Nonparametric tests

Nonparametric tests

Anderson-Darling test

Available are both one-sample and $k$-sample tests.

OneSampleADTest(x::AbstractVector{<:Real}, d::UnivariateDistribution)

Perform a one-sample Anderson–Darling test of the null hypothesis that the data in vector x come from the distribution d against the alternative hypothesis that the sample is not drawn from d.

Implements: pvalue

source
KSampleADTest(xs::AbstractVector{<:Real}...; modified = true, nsim = 0)

Perform a $k$-sample Anderson–Darling test of the null hypothesis that the data in the $k$ vectors xs come from the same distribution against the alternative hypothesis that the samples come from different distributions.

modified parameter enables a modified test calculation for samples whose observations do not all coincide.

If nsim is equal to 0 (the default) the asymptotic calculation of p-value is used. If it is greater than 0, an estimation of p-values is used by generating nsim random splits of the pooled data on $k$ samples, evaluating the AD statistics for each split, and computing the proportion of simulated values which are greater or equal to observed. This proportion is reported as p-value estimate.

Implements: pvalue

References

  • F. W. Scholz and M. A. Stephens, K-Sample Anderson-Darling Tests, Journal of the American Statistical Association, Vol. 82, No. 399. (Sep., 1987), pp. 918-924.
source

Binomial test

BinomialTest(x::Integer, n::Integer, p::Real = 0.5)
BinomialTest(x::AbstractVector{Bool}, p::Real = 0.5)

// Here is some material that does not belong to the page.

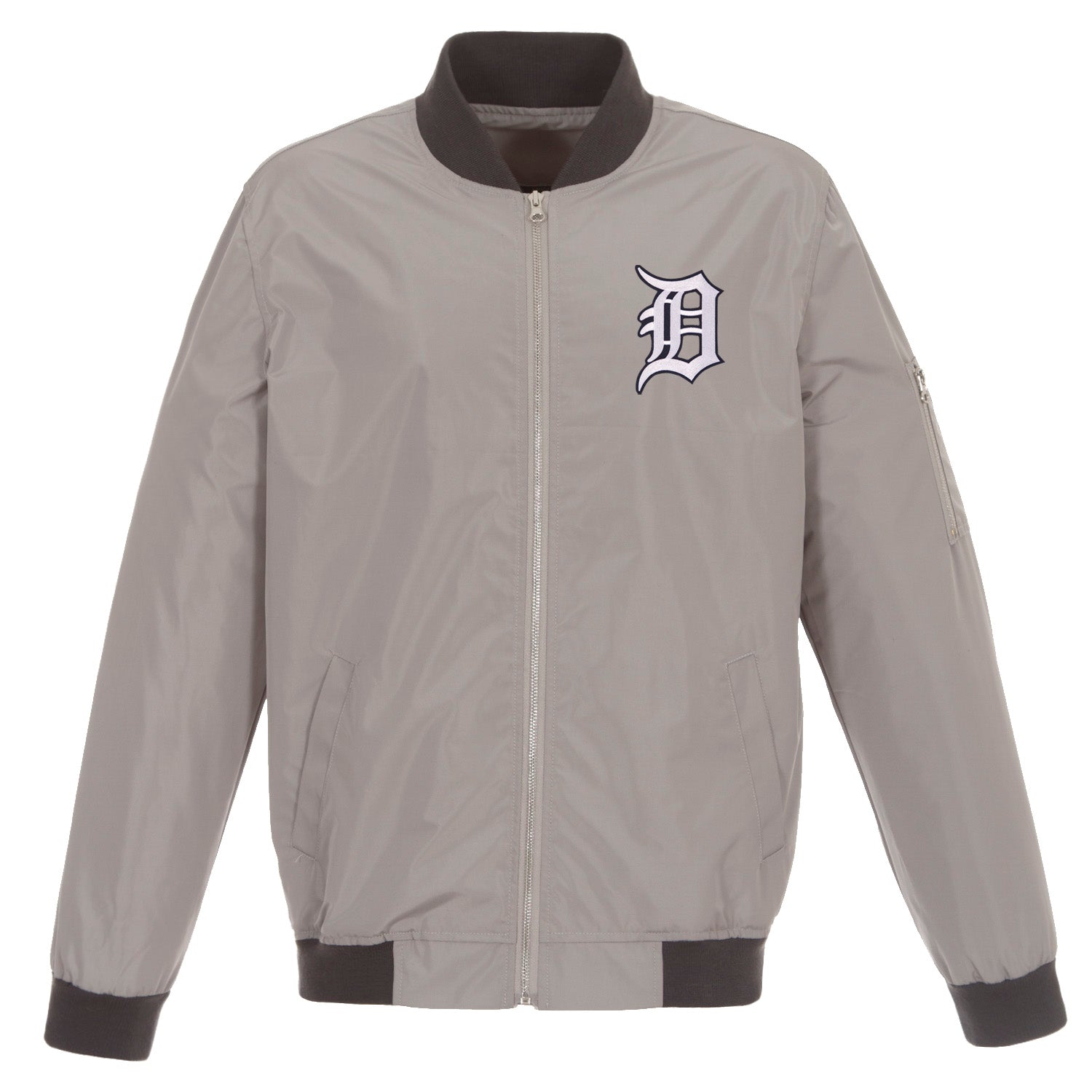 Detroit Tigers nylon bomber in gray-charcoal with embroidered logos.
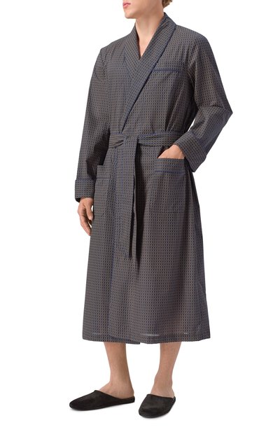 Темно-синий халат с широким шалевым воротником сшили вручную из тонкой ткани, для производства которой использовали отборный египетский хлопок. Его длинные волокна мягче, прочнее и эластичнее обычного, а в гладкости не уступают шелку, поэтому модель получилась дышащей и особенно приятной на ощупь. Изделие дополнили поясом-лентой.

Perform a binomial test of the null hypothesis that the distribution from which x successes were encountered in n draws (or alternatively from which the vector x was drawn) has success probability p against the alternative hypothesis that the success probability is not equal to p.

Computed confidence intervals (confint) by default are Clopper-Pearson intervals.

Implements: pvalue, confint(::BinomialTest)

source

Fisher exact test

FisherExactTest(a::Integer, b::Integer, c::Integer, d::Integer)

Perform Fisher's exact test of the null hypothesis that the success probabilities $a/c$ and $b/d$ are equal, that is the odds ratio $(a/c) / (b/d)$ is one, against the alternative hypothesis that they are not equal.

See pvalue(::FisherExactTest) and confint(::FisherExactTest) for details about the computation of the default p-value and confidence interval, respectively.

The contingency table is structured as:

-X1X2
Y1ab
Y2cd
Note

The show function output contains the conditional maximum likelihood estimate of the odds ratio rather than the sample odds ratio; it maximizes the likelihood given by Fisher's non-central hypergeometric distribution.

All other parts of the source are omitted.